§ PROVIDED DATA:
====

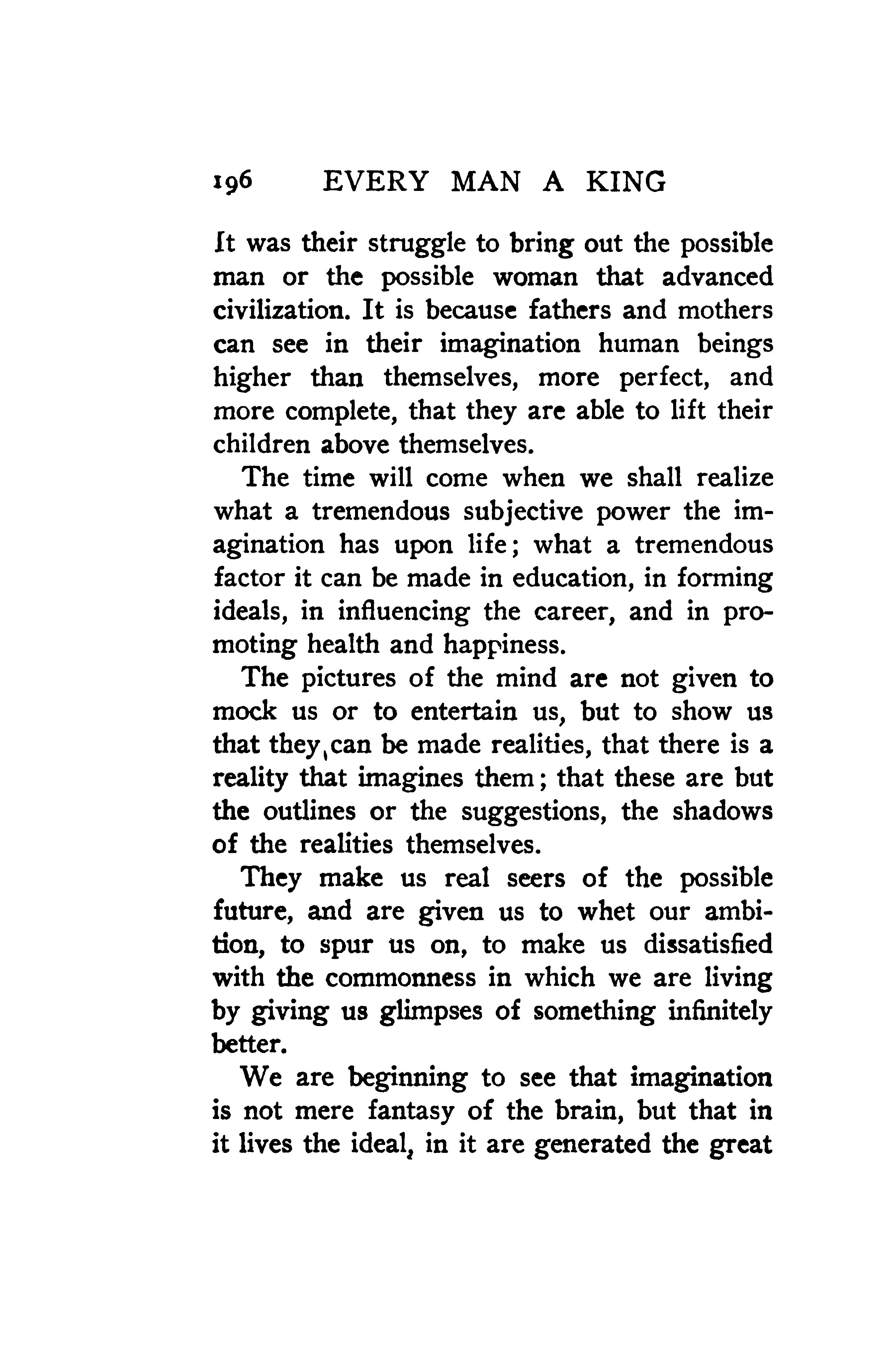 It was their struggle to bring out the possible man or the possible woman that advanced civilization. It is because fathers and mothers can see in their imagination human beings higher than themselves, more perfect, and more complete, that they are able to lift their children above themselves.
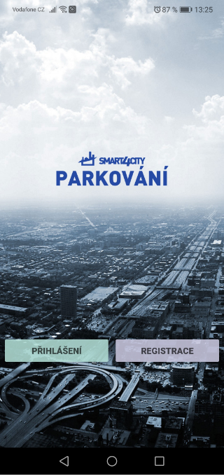 Jelikož budete novým uživatelem aplikace, je třeba se zaregistrovat. Klikněte tedy prosím na tlačítko registrace.
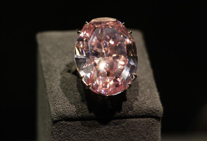 Extracted from African mines, the pink diamond, considered one of the worlds most unique gems was trimmed over two year from a rough gemstone weighing 132.5 carats by expert cutters at Streinmenz Diamonds Company.

====

§ PROMPT: Pictures aside, retype the material exactly.

§ TASK RESPONSE:
 It was their struggle to bring out the possible man or the possible woman that advanced civilization. It is because fathers and mothers can see in their imagination human beings higher than themselves, more perfect, and more complete, that they are able to lift their children above themselves.
 Jelikož budete novým uživatelem aplikace, je třeba se zaregistrovat. Klikněte tedy prosím na tlačítko registrace.
 Extracted from African mines, the pink diamond, considered one of the worlds most unique gems was trimmed over two year from a rough gemstone weighing 132.5 carats by expert cutters at Streinmenz Diamonds Company.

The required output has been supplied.